(Records excerpted from a collection)
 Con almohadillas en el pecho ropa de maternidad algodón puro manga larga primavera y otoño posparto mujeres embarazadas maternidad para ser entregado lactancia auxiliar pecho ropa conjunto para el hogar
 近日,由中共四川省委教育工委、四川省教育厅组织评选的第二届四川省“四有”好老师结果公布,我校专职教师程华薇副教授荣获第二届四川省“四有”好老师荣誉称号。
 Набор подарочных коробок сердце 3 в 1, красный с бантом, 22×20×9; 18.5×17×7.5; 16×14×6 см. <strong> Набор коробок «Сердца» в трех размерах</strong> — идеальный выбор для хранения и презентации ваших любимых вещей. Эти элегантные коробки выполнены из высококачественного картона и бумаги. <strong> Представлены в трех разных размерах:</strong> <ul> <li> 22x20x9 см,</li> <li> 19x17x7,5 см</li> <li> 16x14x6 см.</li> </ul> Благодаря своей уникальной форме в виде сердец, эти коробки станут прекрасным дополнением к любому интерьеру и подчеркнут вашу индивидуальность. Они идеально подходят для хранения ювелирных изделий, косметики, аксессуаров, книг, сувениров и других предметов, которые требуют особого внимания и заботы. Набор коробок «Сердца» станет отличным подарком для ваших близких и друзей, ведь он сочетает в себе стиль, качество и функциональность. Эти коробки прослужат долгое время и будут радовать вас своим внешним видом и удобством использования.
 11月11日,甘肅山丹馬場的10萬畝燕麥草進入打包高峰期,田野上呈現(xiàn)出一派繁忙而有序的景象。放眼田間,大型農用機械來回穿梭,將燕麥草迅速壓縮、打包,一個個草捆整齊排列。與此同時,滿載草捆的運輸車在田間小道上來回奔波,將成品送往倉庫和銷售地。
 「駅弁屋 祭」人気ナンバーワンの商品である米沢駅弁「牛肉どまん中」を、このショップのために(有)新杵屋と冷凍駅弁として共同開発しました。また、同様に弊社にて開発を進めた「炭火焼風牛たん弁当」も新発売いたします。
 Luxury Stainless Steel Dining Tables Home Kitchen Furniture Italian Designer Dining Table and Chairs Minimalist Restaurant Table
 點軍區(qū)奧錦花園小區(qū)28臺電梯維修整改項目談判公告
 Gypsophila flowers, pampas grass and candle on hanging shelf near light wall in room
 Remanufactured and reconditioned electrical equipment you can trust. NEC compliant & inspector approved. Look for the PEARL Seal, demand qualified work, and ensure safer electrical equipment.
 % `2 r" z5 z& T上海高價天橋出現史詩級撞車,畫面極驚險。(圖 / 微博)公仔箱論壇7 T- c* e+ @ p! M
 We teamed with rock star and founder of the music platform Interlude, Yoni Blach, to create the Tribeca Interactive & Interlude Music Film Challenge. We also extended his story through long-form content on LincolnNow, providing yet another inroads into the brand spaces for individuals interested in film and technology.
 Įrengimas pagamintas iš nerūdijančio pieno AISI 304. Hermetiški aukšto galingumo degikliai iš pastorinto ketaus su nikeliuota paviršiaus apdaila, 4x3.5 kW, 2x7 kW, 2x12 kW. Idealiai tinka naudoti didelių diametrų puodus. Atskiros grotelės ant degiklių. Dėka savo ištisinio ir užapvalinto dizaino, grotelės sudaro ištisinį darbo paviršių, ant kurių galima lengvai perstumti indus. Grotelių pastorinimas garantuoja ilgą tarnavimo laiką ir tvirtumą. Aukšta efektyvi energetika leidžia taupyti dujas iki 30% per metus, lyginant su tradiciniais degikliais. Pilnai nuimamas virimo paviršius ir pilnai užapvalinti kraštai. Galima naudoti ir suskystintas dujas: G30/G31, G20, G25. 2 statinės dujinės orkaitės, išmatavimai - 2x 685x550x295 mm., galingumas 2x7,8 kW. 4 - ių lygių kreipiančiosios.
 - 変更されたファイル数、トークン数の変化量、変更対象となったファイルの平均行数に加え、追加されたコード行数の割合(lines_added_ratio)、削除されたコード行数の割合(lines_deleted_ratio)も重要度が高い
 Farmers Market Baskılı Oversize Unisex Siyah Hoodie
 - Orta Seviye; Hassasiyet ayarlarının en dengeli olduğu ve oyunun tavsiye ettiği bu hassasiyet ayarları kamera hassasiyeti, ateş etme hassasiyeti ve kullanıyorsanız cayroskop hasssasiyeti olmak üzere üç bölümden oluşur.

## Exercise brief
The response should be an exact copy of all the records above.

## Task response
 Con almohadillas en el pecho ropa de maternidad algodón puro manga larga primavera y otoño posparto mujeres embarazadas maternidad para ser entregado lactancia auxiliar pecho ropa conjunto para el hogar
 近日,由中共四川省委教育工委、四川省教育厅组织评选的第二届四川省“四有”好老师结果公布,我校专职教师程华薇副教授荣获第二届四川省“四有”好老师荣誉称号。
 Набор подарочных коробок сердце 3 в 1, красный с бантом, 22×20×9; 18.5×17×7.5; 16×14×6 см. <strong> Набор коробок «Сердца» в трех размерах</strong> — идеальный выбор для хранения и презентации ваших любимых вещей. Эти элегантные коробки выполнены из высококачественного картона и бумаги. <strong> Представлены в трех разных размерах:</strong> <ul> <li> 22x20x9 см,</li> <li> 19x17x7,5 см</li> <li> 16x14x6 см.</li> </ul> Благодаря своей уникальной форме в виде сердец, эти коробки станут прекрасным дополнением к любому интерьеру и подчеркнут вашу индивидуальность. Они идеально подходят для хранения ювелирных изделий, косметики, аксессуаров, книг, сувениров и других предметов, которые требуют особого внимания и заботы. Набор коробок «Сердца» станет отличным подарком для ваших близких и друзей, ведь он сочетает в себе стиль, качество и функциональность. Эти коробки прослужат долгое время и будут радовать вас своим внешним видом и удобством использования.
 11月11日,甘肅山丹馬場的10萬畝燕麥草進入打包高峰期,田野上呈現(xiàn)出一派繁忙而有序的景象。放眼田間,大型農用機械來回穿梭,將燕麥草迅速壓縮、打包,一個個草捆整齊排列。與此同時,滿載草捆的運輸車在田間小道上來回奔波,將成品送往倉庫和銷售地。
 「駅弁屋 祭」人気ナンバーワンの商品である米沢駅弁「牛肉どまん中」を、このショップのために(有)新杵屋と冷凍駅弁として共同開発しました。また、同様に弊社にて開発を進めた「炭火焼風牛たん弁当」も新発売いたします。
 Luxury Stainless Steel Dining Tables Home Kitchen Furniture Italian Designer Dining Table and Chairs Minimalist Restaurant Table
 點軍區(qū)奧錦花園小區(qū)28臺電梯維修整改項目談判公告
 Gypsophila flowers, pampas grass and candle on hanging shelf near light wall in room
 Remanufactured and reconditioned electrical equipment you can trust. NEC compliant & inspector approved. Look for the PEARL Seal, demand qualified work, and ensure safer electrical equipment.
 % `2 r" z5 z& T上海高價天橋出現史詩級撞車,畫面極驚險。(圖 / 微博)公仔箱論壇7 T- c* e+ @ p! M
 We teamed with rock star and founder of the music platform Interlude, Yoni Blach, to create the Tribeca Interactive & Interlude Music Film Challenge. We also extended his story through long-form content on LincolnNow, providing yet another inroads into the brand spaces for individuals interested in film and technology.
 Įrengimas pagamintas iš nerūdijančio pieno AISI 304. Hermetiški aukšto galingumo degikliai iš pastorinto ketaus su nikeliuota paviršiaus apdaila, 4x3.5 kW, 2x7 kW, 2x12 kW. Idealiai tinka naudoti didelių diametrų puodus. Atskiros grotelės ant degiklių. Dėka savo ištisinio ir užapvalinto dizaino, grotelės sudaro ištisinį darbo paviršių, ant kurių galima lengvai perstumti indus. Grotelių pastorinimas garantuoja ilgą tarnavimo laiką ir tvirtumą. Aukšta efektyvi energetika leidžia taupyti dujas iki 30% per metus, lyginant su tradiciniais degikliais. Pilnai nuimamas virimo paviršius ir pilnai užapvalinti kraštai. Galima naudoti ir suskystintas dujas: G30/G31, G20, G25. 2 statinės dujinės orkaitės, išmatavimai - 2x 685x550x295 mm., galingumas 2x7,8 kW. 4 - ių lygių kreipiančiosios.
 - 変更されたファイル数、トークン数の変化量、変更対象となったファイルの平均行数に加え、追加されたコード行数の割合(lines_added_ratio)、削除されたコード行数の割合(lines_deleted_ratio)も重要度が高い
 Farmers Market Baskılı Oversize Unisex Siyah Hoodie
 - Orta Seviye; Hassasiyet ayarlarının en dengeli olduğu ve oyunun tavsiye ettiği bu hassasiyet ayarları kamera hassasiyeti, ateş etme hassasiyeti ve kullanıyorsanız cayroskop hasssasiyeti olmak üzere üç bölümden oluşur.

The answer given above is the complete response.